The variations obtained in phyto-constituents are quite natural as these accessions have been taken from different geographical regions. Due to their different geographical regions, the species are exposed to different exogenous factor-related stresses which lead to the production of different secondary metabolites for their defense [40]. Several reports in other species are also available in which variation in constituents was discussed for different eco-regions [35,36]. Identifying a single parameter responsible for such variations is a very cumbersome process as collective exogenous factors such as soil, pH, altitude, growing site precipitation, etc. may be responsible for such variations as discussed by other researchers [22,29]. All these parameters may not be present at a single region, which leads to variation in essential oil yield and its constituents. PCA and AHC were used for the first time as pattern recognizing methods to study the chemical diversity analysis of K. galanga essential oil.

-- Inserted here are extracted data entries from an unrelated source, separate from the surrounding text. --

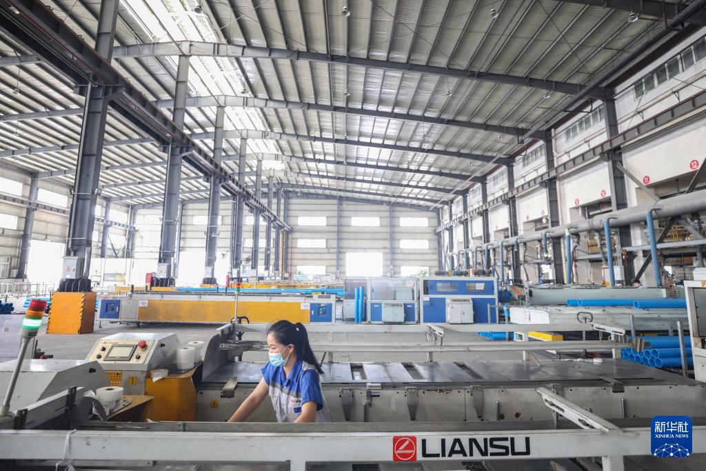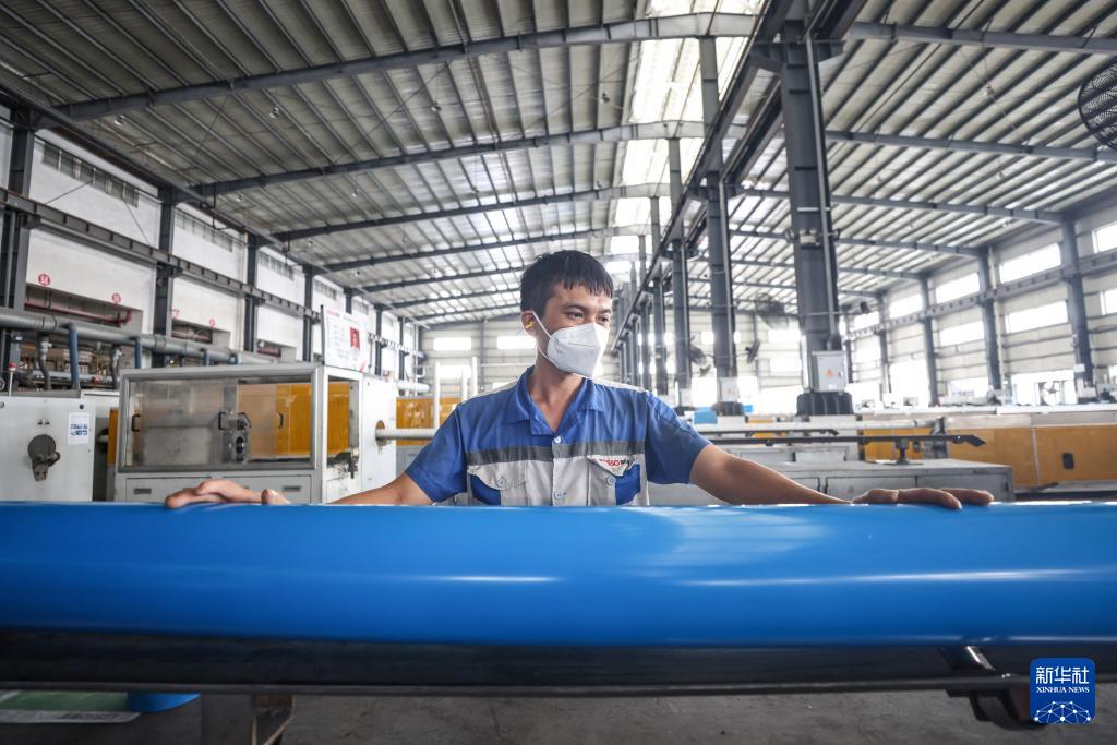 9月4日,海南聯(lián)塑科技實業(yè)有限公司的工作人員在查看生產(chǎn)線運轉(zhuǎn)情況。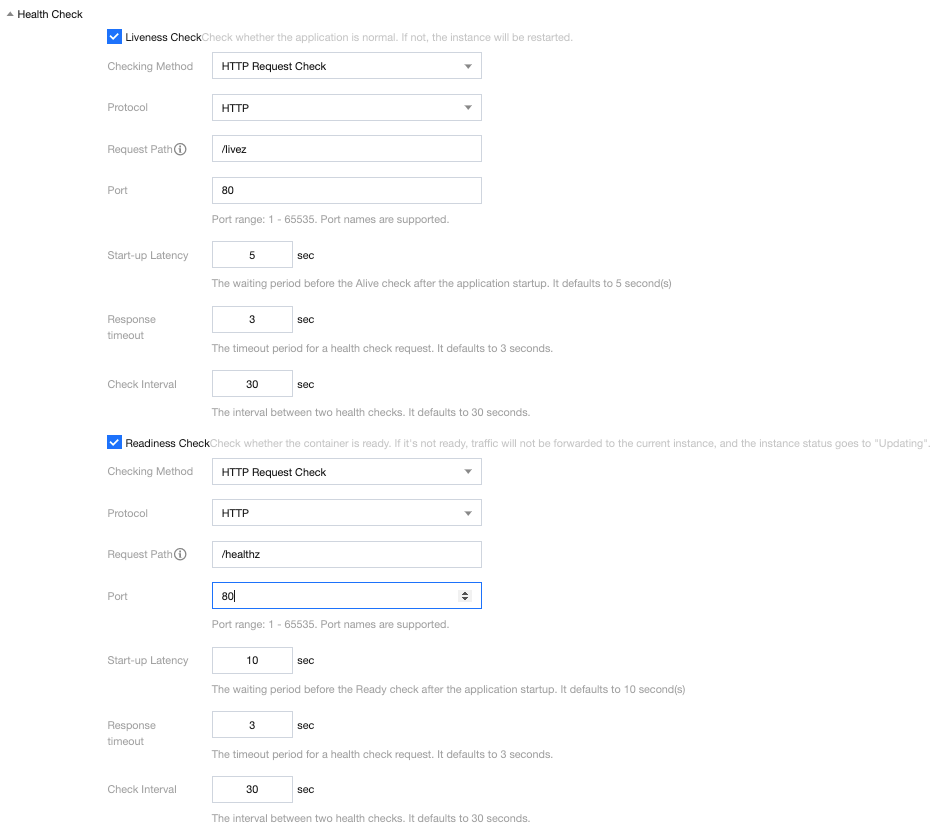 ヘルスチェックとするHTTP APIは存在および完了の2種類のシナリオで使用でき、アプリケーションはリクエストに基づいて、2種類のシナリオのAPIに応じて個別に実装されます。以下の記述はそれぞれ/livezおよび/healthz表記に分かれます。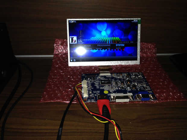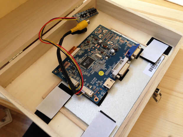 Quería que la pantalla sea extraíble en caso de que algo en la caja tiene que ser cambiado. Así que decidí usar la cinta de Velcro para la fijación de la pantalla. Esto hace fácil separar la pantalla simplemente retirando la cinta. Placa base de la pantalla se une a la parte trasera de la pantalla también con cinta de Velcro. Es importante que la parte trasera de la placa base no toque la parte exterior de la pantalla de lo contrario habrá un corto. Si la cinta es gruesa suficiente esto no debería ser un problema.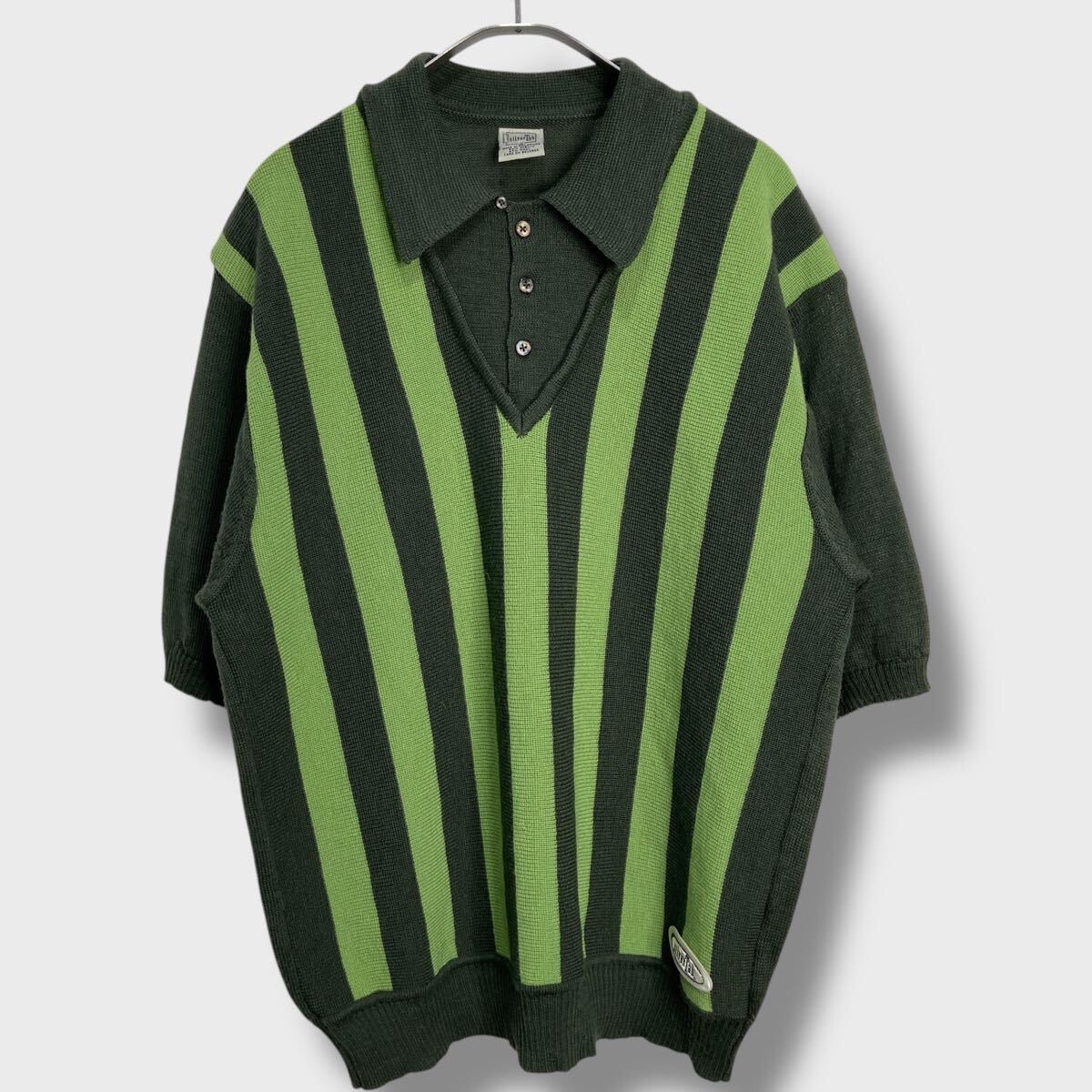 - 送料無料☆90s☆シルバータブ☆リーバイス☆ストライプ柄ニットポロシャツ☆グリーン☆XL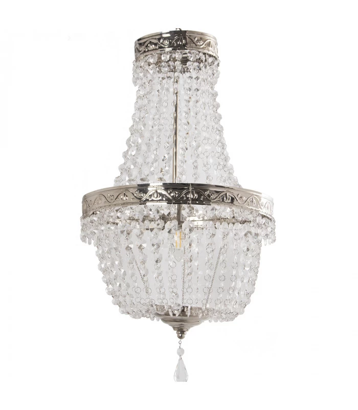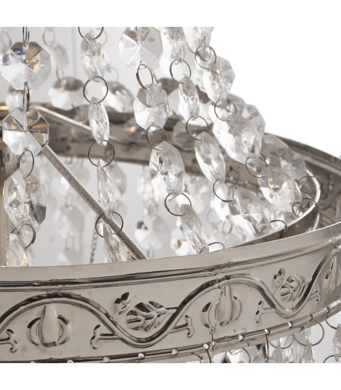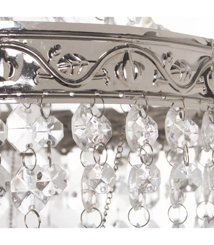 Suspension Baroque à Pampilles Acryliques Et Métal Argenté – 35x69cm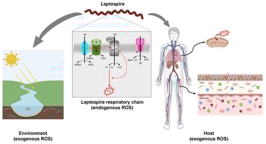 Figure 2. Exposition of Leptospira to ROS. Leptospira spp. are potentially exposed to ROS produced endogenously as a result of electron leakage from the respiratory chain. The putative complexes forming the respiratory chain in pathogenic Leptospira, complex I (encoded by LIMLP_00745-00750, LIMLP_03705-03760 in L. interrogans serovar Manilae), complex II (encoded by LIMLP_09980-09990 in L. interrogans serovar Manilae), complex IV (encoded by LIMLP_01080-01085, LIMLP_01375, LIMLP_01100-01110 in L. interrogans serovar Manilae), and complex V (encoded by LIMLP_06045-06080 in L. interrogans serovar Manilae) are represented. Leptospira spp. also face ROS produced in the environment (waters and soils). In addition, pathogenic species are exposed to ROS produced by the host phagocytic cells or tissues. The host mitochondria are one of the main ROS producers. Created with BioRender (BioRender.com).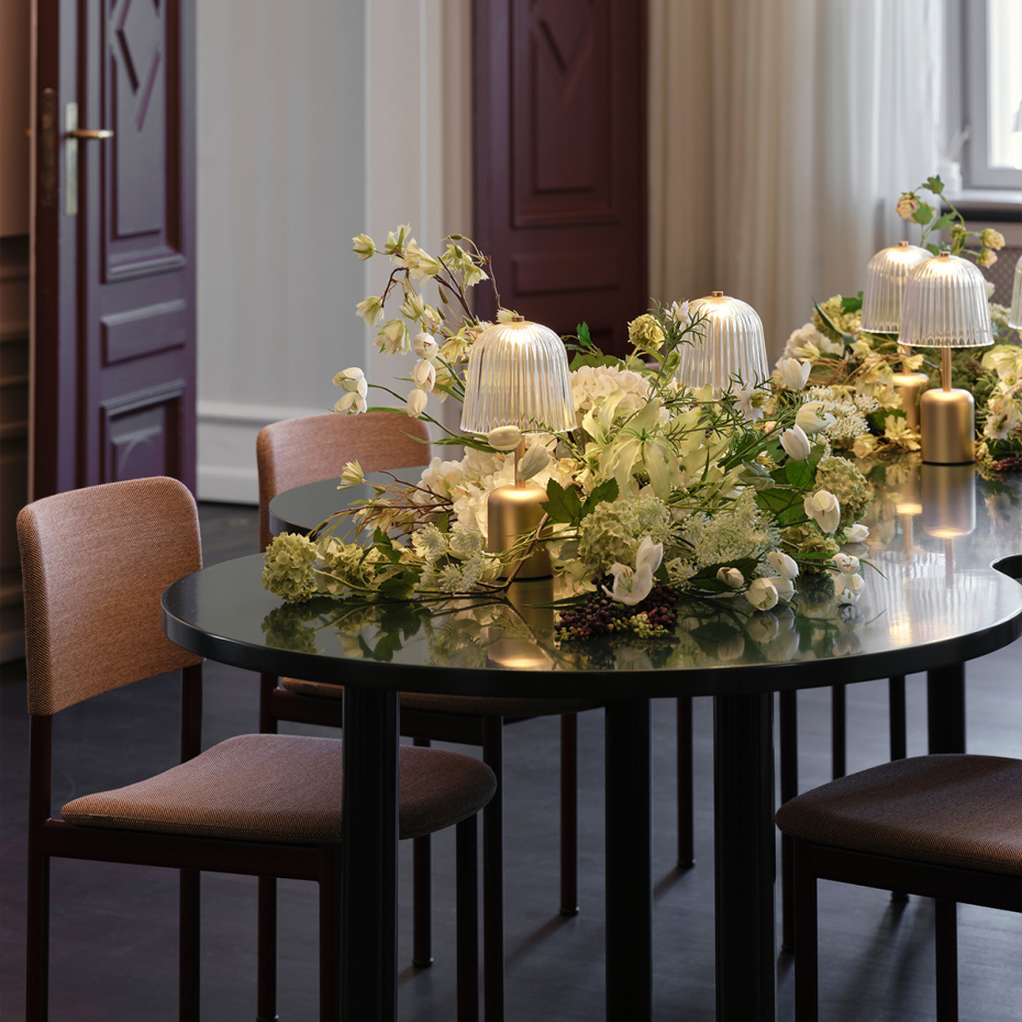 Asteea Bordslampa Portable från Nuura är en trådlös och elegant designlampa inspirerad av blåklockans böljande form. Med sin räfflade skärm i återvinningsbar akryl sprider den ett mjukt, bländfritt ljus nedåt – perfekt för att skapa en harmonisk atmosfär. Den guldfärgade basen ger en varm reflektion och en lyxig touch till din ljussättning. Eftersom lampan är laddningsbar via USB-C och anpassad för både inomhus- och utomhusbruk, är den en otroligt flexibel bärbar bordslampa.
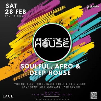 Join Selectors of House for a night of great vibes and energy with DJ's spinning the best in Soulful, Afro and Deep house music.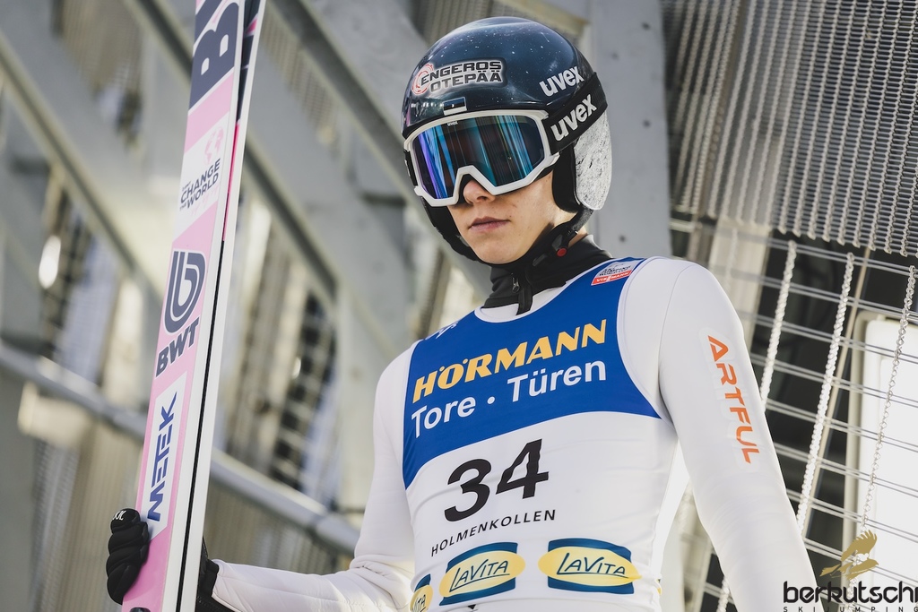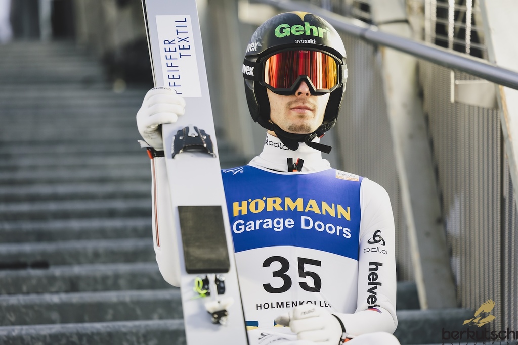 13.03.2026, Holmenkollen, Oslo, NOR, FIS Weltcup Ski Sprung, Oslo, Herren, Großschanze, Qualifikation, im Bild Sandro Hauswirth (SUI) // Sandro Hauswirth (SUI) during the qualification for the men large hill individual competition of the Viessmann FIS Ski Jumping World Cup at the Oslo, Norway on 2026/03/13. EXPA Pictures © 2026, PhotoCredit: EXPA/ Tadeusz Mieczynski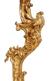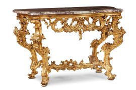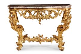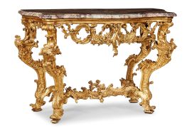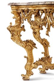 in legno intagliato e dorato con piano di forma sagomata lastronato in marmo fior di pesco; grembiale riccamente scolpito a giorno a motivo di volute impreziosite da fiori e foglie convergenti al centro a trattenere un elemento fogliaceo, mentre i lati sono ornati da un rametto vegetale, gambe di linea mossa riccamente scolpite in foggia di molteplici volute impreziosite da foglie che dall’alto si portano verso il basso per terminare su piedini a foglia, riunite da traverse formate da un incrocio di volute spezzate riunite al centro in un motivo a cartouche, cm 92x135x68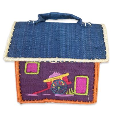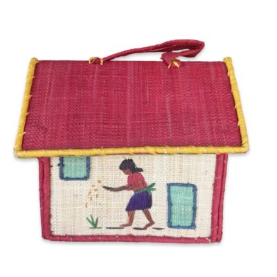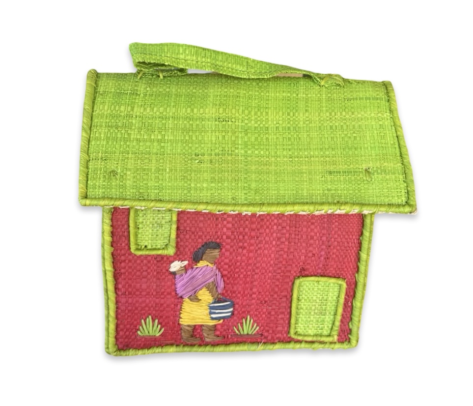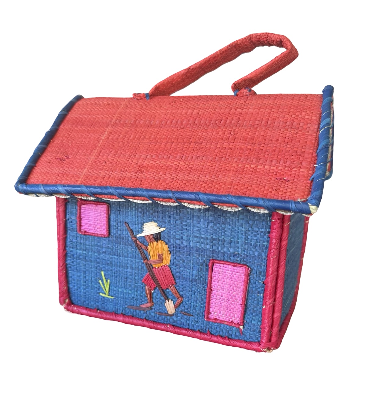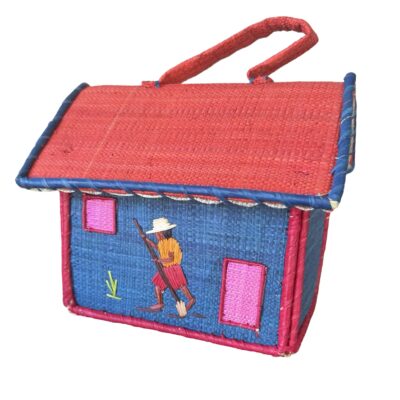 Carefully embroidered using raffia, this little house has a roof that opens to store items.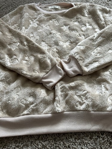 - Wound Up Juniors Chrismas Icon Pullover Beige Fleece Lining Velour Size Medium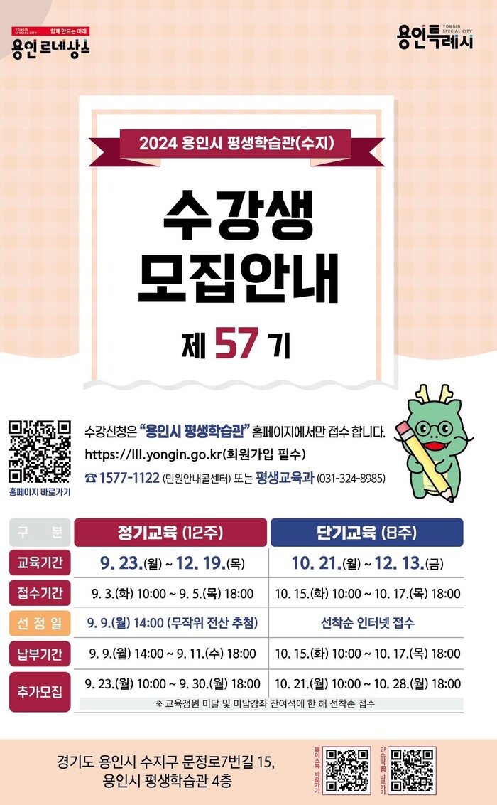 용인특례시(시장 이상일)는 9월 3일부터 5일까지 평생학습관(수지)의 ‘제57기 정기교육프로그램‘ 수강생을 모집한다고 26일 밝혔다.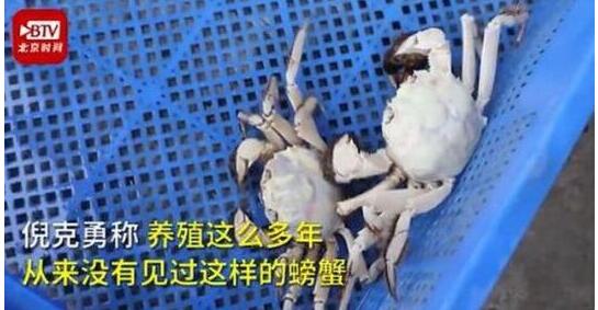 勇在自家蟹塘发现两只全身呈“汉白玉”色的螃蟹,从螃蟹外壳已经能够看到蟹黄,甚至螃蟹的脚也都是白色。倪克勇称: 养殖这么多年从来没见过这样的螃蟹。水产专家汪沐博士表示,汉白玉色的螃蟹疑因是基因问题,不影响正常食用。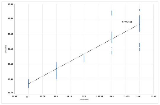 The model has been calibrated comparing the data acquired with ASHRAE Guideline 14 [28,29] range. Figure 6 describes the regression line R2 and Table 1 reports the outcomes of model calibration: in the first column, statistical index denomination; the second column reports the reference values following ASHRAE Guideline 14 range, and the third column reports result values from comparison between model results and on-site monitoring data. The results show that, despite the reduced time interval, the model is validated for the purpose of comparing the proposed retrofitting scenarios.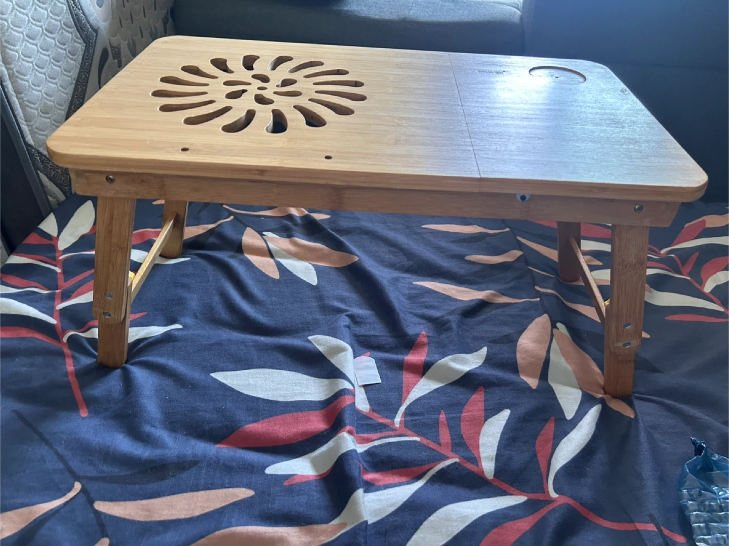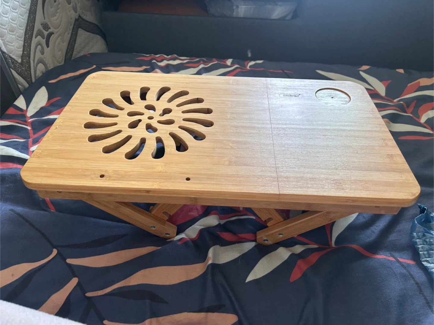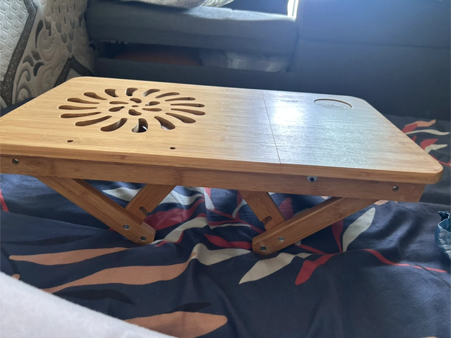 Selling a handy wooden folding laptop desk! It's perfect for using in bed or on the couch. The legs fold in for easy storage and to adjust height. It has a nice design cut out on the top and a little cup holder Pick up near bay and temperance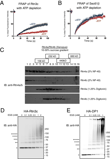 FIGURE 7. The reticulons and DP1 form oligomers in higher eukaryotes. A, quantitated FRAP analyses of mammalian GFP-Rtn3c under ATP-depleted (red, n = 7) or non-depleted (blue, n = 14) conditions. B, mammalian Sec61β-GFP under ATP-depleted (red, n = 9) or non-depleted (blue, n = 6) conditions. FRAP data from ATP-depleted cells were compared with those from non-treated cells from Fig. 6. C, Xenopus membranes solubilized in either 1.25% digitonin or 2% Nonidet P-40 were fractionated by 10â30% w/v sucrose gradient centrifugation, analyzed by SDS-PAGE, and immunoblotted with antibody against Xenopus Rtn4. Molecular weight standards in the sucrose gradient are as indicated. D, isolated membranes of COS-7 cells expressing HA-DP1 or HA-Rtn3c were treated with increasing concentrations of EGS, analyzed on SDS-PAGE, and immunoblotted with anti-HA antibody. Asterisks, number of monomers cross-linked.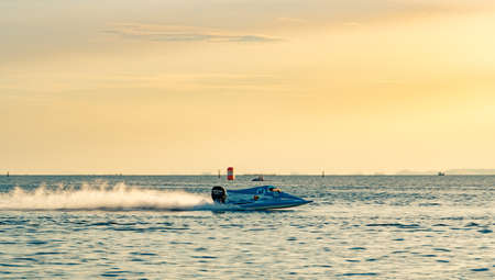 CHONBURI, THAILAND-NOVEMBER 25, 2017 : F5 boat with beautiful sky and sea in Bangsaen Power Boat 2017 at Bangsaen beach in Thailand

This approach it has also been successfully employed to analyze the correlation and variation in different crops [35,36,41].

4. Conclusions

It can be concluded from the current study that there are variations in the yield and chemical composition of different K. galanga accessions collected from Odisha, West-Bengal, and Assam provinces of India. The impact of environmental factors of different geographical regions may be the possible reason to account for the observed variations in essential oil yield and quality constituents. All these accessions were characterized by a maximum amount of phenyl polypropanoids, which were cinnamic acid esters. Two chemovars obtained in this study (K.g16 and K.g14) with highest essential oil yield and quality constituent could be utilized for large scale cultivation with a view towards industrial utilization.